Obama Cracks Joke About Malia While Making Statement On Deadly Munich Shooting, Sparks Outrage [Video]


President Barack Obama has come under fire after a video clip emerged showing the moment that he digressed from grave comments about the deadly mass shooting in Munich, Germany, to grin, chuckle, and crack a joke about his daughter Malia leaving for college.

Many viewers have expressed outrage about the way Obama shifted the topic casually from the mass murder to wisecrack on his personal feelings about his daughter leaving home. Although some viewers tried to defend Obama, many condemned him for digressing from the somber topic of a deadly shooting in which nine people were killed and several injured to joke about his daughter.

Critics slammed Obama’s behavior as embarrassingly inappropriate, saying he demonstrated self-centeredness by shifting the topic from a shooting tragedy to himself.

While briefing law enforcement on Friday afternoon at the Eisenhower Executive Office Building after news first emerged about the shooting rampage in Munich, Obama commented gravely about the tragic incident, noting that terrorism undermines freedom, according to the Daily Mail.

And as he made comments about the shooting in a somber mood, he began talking about how terrorism impacts negatively on the mundane but normal aspects of family life, including raising children.

But halfway through the comments, he detoured with an allusion to his daughter Malia. He spoke about parents watching their children “grow up and graduate from high school and now about to leave their dad.”

He broke the gravity and somber mood of the gathering by grinning and chuckling at the obvious reference to his daughter Malia.

“Some of you are aware there were shootings in Germany,” Obama began. “And we don’t yet know exactly what’s happening there, but obviously our hearts go out to those who may have been injured.”

“It’s still an active situation and Germany’s one of our closest allies.

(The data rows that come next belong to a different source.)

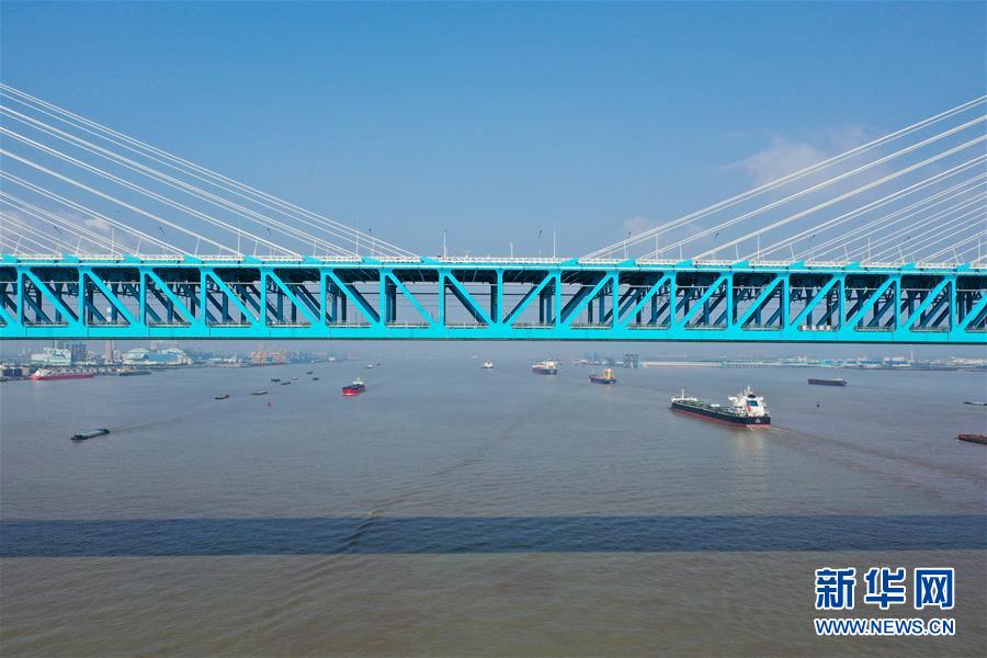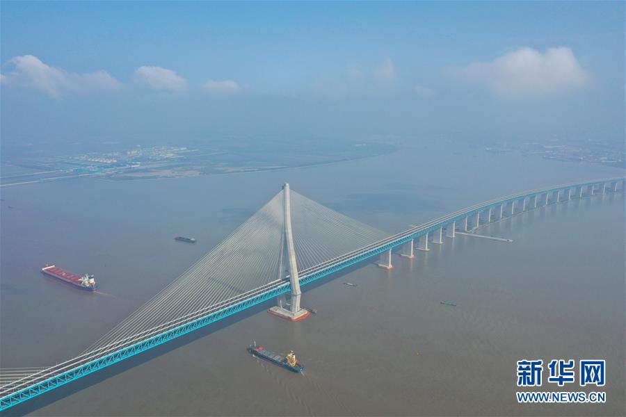 滬蘇通長(zhǎng)江公鐵大橋(6月30日攝,無(wú)人機(jī)照片)。即將于7月1日通車的滬蘇通長(zhǎng)江公鐵大橋北起江蘇南通,南至江蘇張家港,公鐵合建跨江正橋全長(zhǎng)5827米,為集合高速公路、客貨混線鐵路、高速鐵路的“三合一”過(guò)江通道,建成通車后將有效促進(jìn)長(zhǎng)三角城市群跨江融合、協(xié)同發(fā)展。新華社記者李博攝
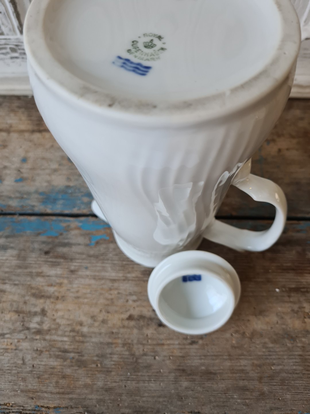 Royal Copenhagen Hvid svejfet chokoladekande 22 cm.
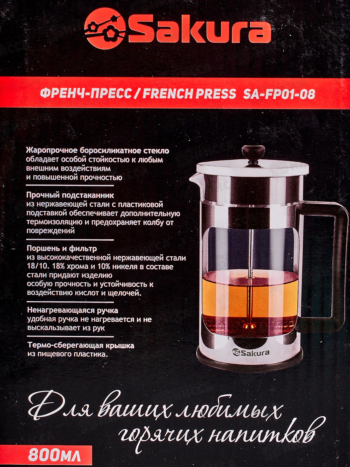 Объем 850мл; материал боросиликатное стекло, нержавеющая сталь, пластик. Френч-пресс изготовлен из жаропрочного боросиликатного стекла, с фильтрующим поршнем из нержавеющей стали, пластиковая ручка и крышка хром. Подходит для заваривания кофе и чая. Посл

So we are going to pledge all the support they may need in dealing with these circumstances,” he continued.

“It’s a good reminder of something that I’ve said over the past couple of weeks — our way of life, our freedoms, our ability to go about our business every day, raising our kids and seeing them grow up and graduate from high school, and now about to leave their dad,” he said.

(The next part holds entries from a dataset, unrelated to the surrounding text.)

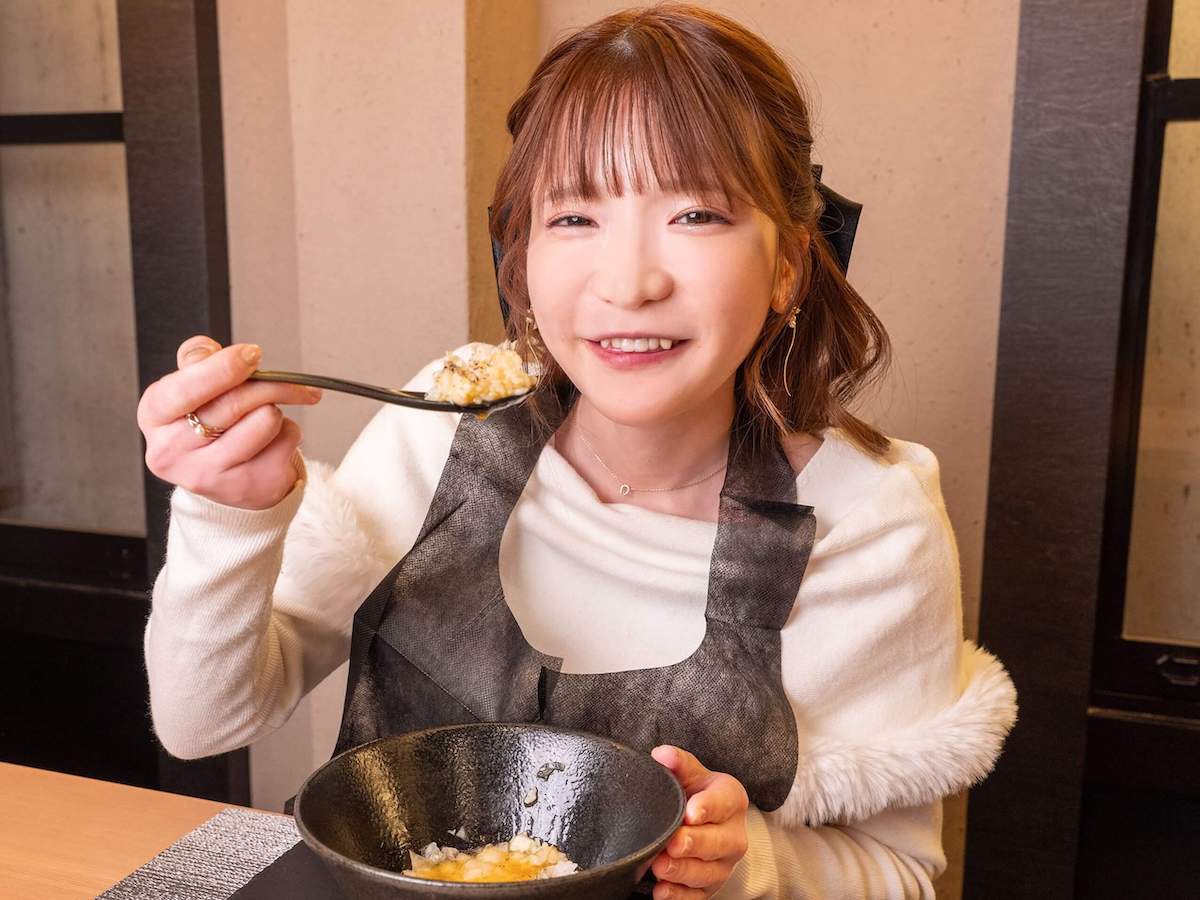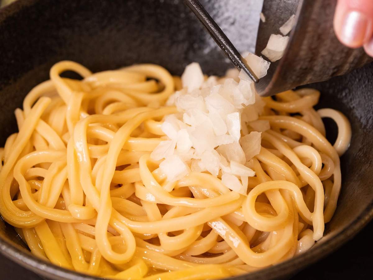 食べ方は先ほどと同様に、まずは“たまごかけ麺”作りから始めましょう!空気を含ませ軽やかに全体が混ざったら、このタイミングでみじん切りのタマネギを加えるのが、もえあず流です。最初に麺に混ぜておくことで、食感だけでなくタマネギの辛みや甘みがよりダイレクトに伝わるんです。
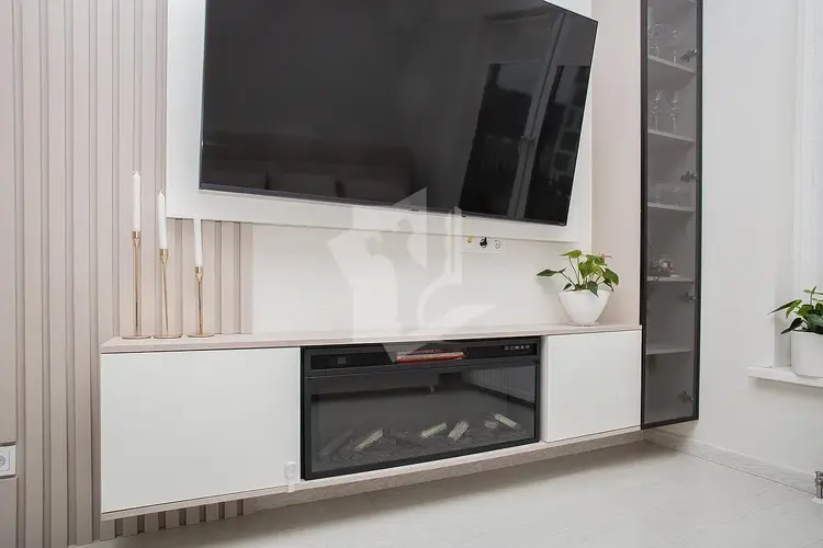 Шикарный камин, который идеально вписывается в дизайн гостиной.
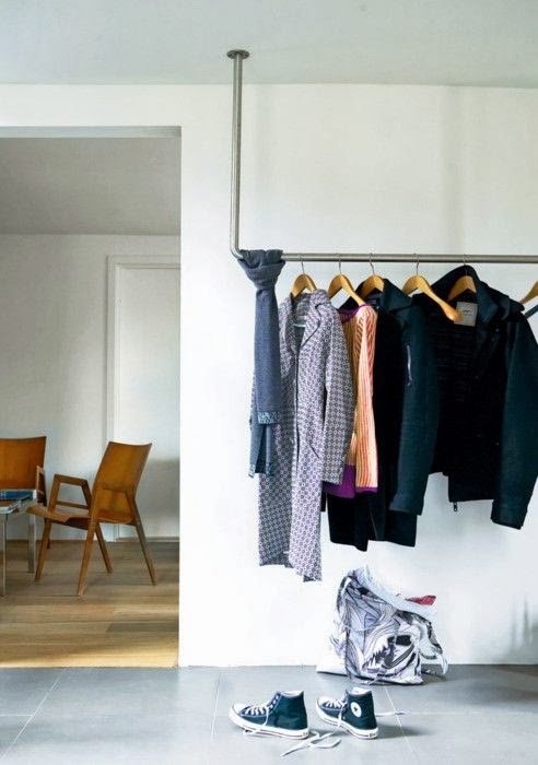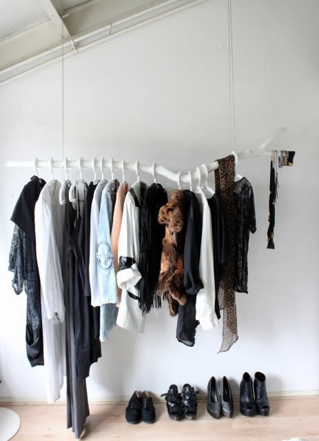 Because of super limited, NY-style studio living space I’m currently surrendering to, my set up is less than sexy or elaborate. Is organized chaos. But it somehow works. But because I’ve prayed about my next move, I’ve accepted that I’m going to succumb my innate fabulosity to pigeon-hole living until a birdie talks to me. And so I have a project; something I’ve been wanting to do for year now: install a hanging garment rack. Genius. Or just practical. Whatever it is, I’m going to do it and have found the perfect person to make it all come true.
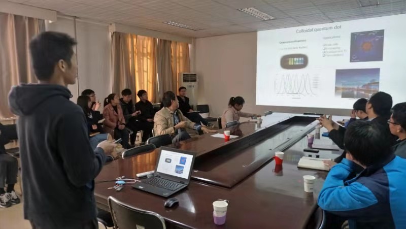 2019年11月21日(星期四)下午,应特种功能材料重点实验室邀请,重庆大学胡龙研究员莅临实验室进行学术交流,并做了题为“高效量子点红外光电器件”的精彩报告。本次报告会由特种功能材料重点实验室特聘教授武四新教授主持,学校相关领域的老师和研究生参加了此次报告会。

He then stopped, grinned, and waved a hand jovially.

“I’m sorry. I’m getting a little too personal,” he said chuckling, “getting a little too personal there.”

Obama’s inappropriate detour from grave remarks about a tragic shooting to joke about his already well-known feelings about his daughter leaving home drew giggles from a section of the audience.

But the lightheartedness was fleeting. He returned quickly to the subject of the mass shooting, re-assuming gravely tones and somber looks.

He praised law enforcement, saying that a lot “depends on the men and woman in uniform every single day, who are under some of the most adverse circumstances imaginable at times, making sure to keep us safe.”

The briefing came after a German-Iranian teenager, identified as David Ali Sonboly, shot and killed nine people in Munich on Friday at a McDonald’s. Although it was suspected at first that the shooting was an ISIS-linked terror attack, police later said the shooter was a mentally troubled youth who had no known links to ISIS.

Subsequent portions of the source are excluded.